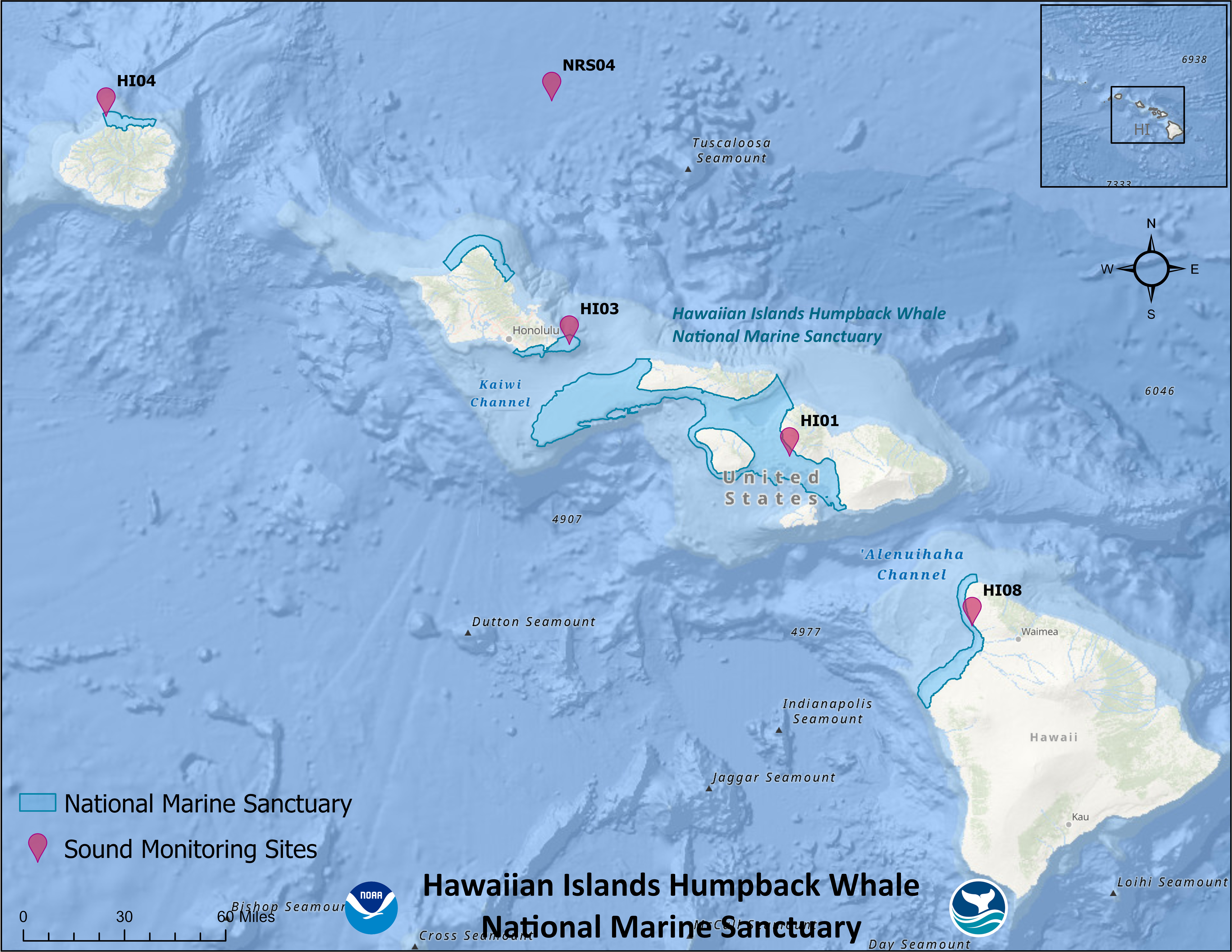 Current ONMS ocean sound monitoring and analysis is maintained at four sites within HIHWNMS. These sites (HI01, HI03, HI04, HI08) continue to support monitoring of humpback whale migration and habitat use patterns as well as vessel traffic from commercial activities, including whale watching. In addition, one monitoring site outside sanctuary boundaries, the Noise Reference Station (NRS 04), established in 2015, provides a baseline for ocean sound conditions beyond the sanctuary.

====

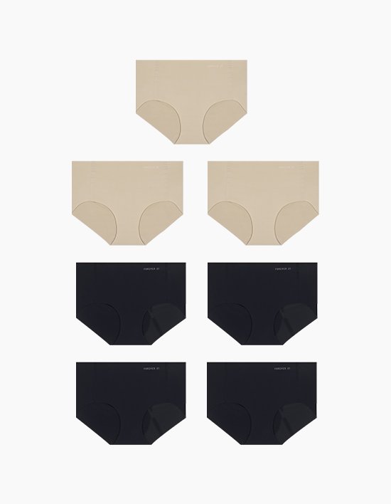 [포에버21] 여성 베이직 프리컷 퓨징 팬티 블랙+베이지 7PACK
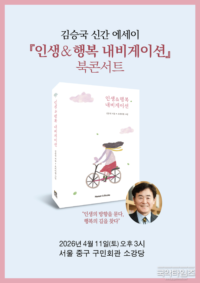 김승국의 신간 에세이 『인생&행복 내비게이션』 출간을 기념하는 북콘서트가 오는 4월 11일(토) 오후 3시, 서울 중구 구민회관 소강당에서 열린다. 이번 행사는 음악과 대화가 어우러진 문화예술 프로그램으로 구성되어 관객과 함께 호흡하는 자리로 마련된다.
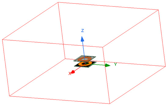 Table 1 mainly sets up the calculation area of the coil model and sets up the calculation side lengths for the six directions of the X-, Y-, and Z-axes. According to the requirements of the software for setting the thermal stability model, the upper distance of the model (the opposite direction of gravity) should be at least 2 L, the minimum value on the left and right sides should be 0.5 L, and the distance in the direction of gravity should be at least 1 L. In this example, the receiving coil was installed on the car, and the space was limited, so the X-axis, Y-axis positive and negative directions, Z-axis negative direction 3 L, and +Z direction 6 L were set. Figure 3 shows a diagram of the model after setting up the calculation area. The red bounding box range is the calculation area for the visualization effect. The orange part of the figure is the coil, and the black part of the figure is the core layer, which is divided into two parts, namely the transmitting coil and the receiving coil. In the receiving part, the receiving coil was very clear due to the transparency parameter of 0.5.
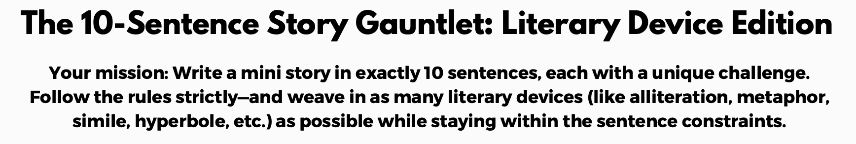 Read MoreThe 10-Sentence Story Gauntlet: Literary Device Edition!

====

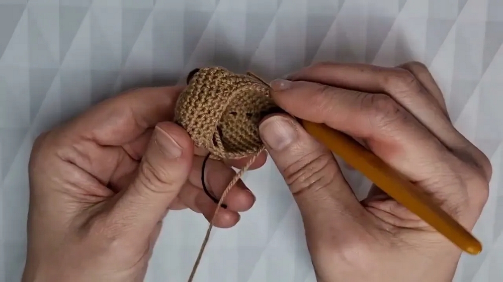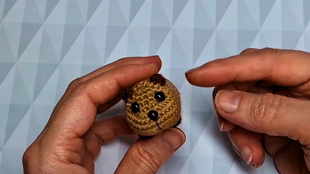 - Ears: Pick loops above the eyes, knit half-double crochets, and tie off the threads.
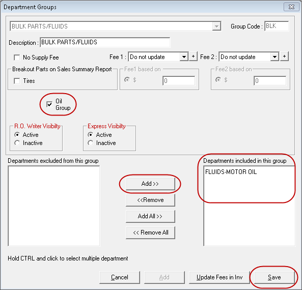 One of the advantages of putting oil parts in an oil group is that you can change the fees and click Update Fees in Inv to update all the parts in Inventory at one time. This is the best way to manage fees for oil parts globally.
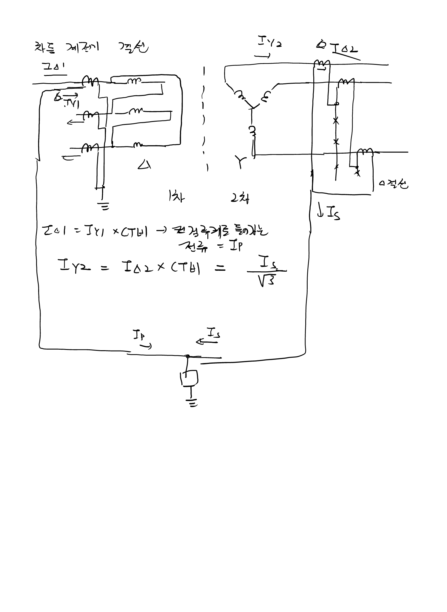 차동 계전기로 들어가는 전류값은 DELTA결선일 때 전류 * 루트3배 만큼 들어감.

====

## Task item
From the records above, copy exactly the lines starting at the one with "김승국의 신간 에세이" and ending at the one with "Table 1 mainly", and no others. Pictures stay out.

## Result of the exercise
 김승국의 신간 에세이 『인생&행복 내비게이션』 출간을 기념하는 북콘서트가 오는 4월 11일(토) 오후 3시, 서울 중구 구민회관 소강당에서 열린다. 이번 행사는 음악과 대화가 어우러진 문화예술 프로그램으로 구성되어 관객과 함께 호흡하는 자리로 마련된다.
 Table 1 mainly sets up the calculation area of the coil model and sets up the calculation side lengths for the six directions of the X-, Y-, and Z-axes. According to the requirements of the software for setting the thermal stability model, the upper distance of the model (the opposite direction of gravity) should be at least 2 L, the minimum value on the left and right sides should be 0.5 L, and the distance in the direction of gravity should be at least 1 L. In this example, the receiving coil was installed on the car, and the space was limited, so the X-axis, Y-axis positive and negative directions, Z-axis negative direction 3 L, and +Z direction 6 L were set. Figure 3 shows a diagram of the model after setting up the calculation area. The red bounding box range is the calculation area for the visualization effect. The orange part of the figure is the coil, and the black part of the figure is the core layer, which is divided into two parts, namely the transmitting coil and the receiving coil. In the receiving part, the receiving coil was very clear due to the transparency parameter of 0.5.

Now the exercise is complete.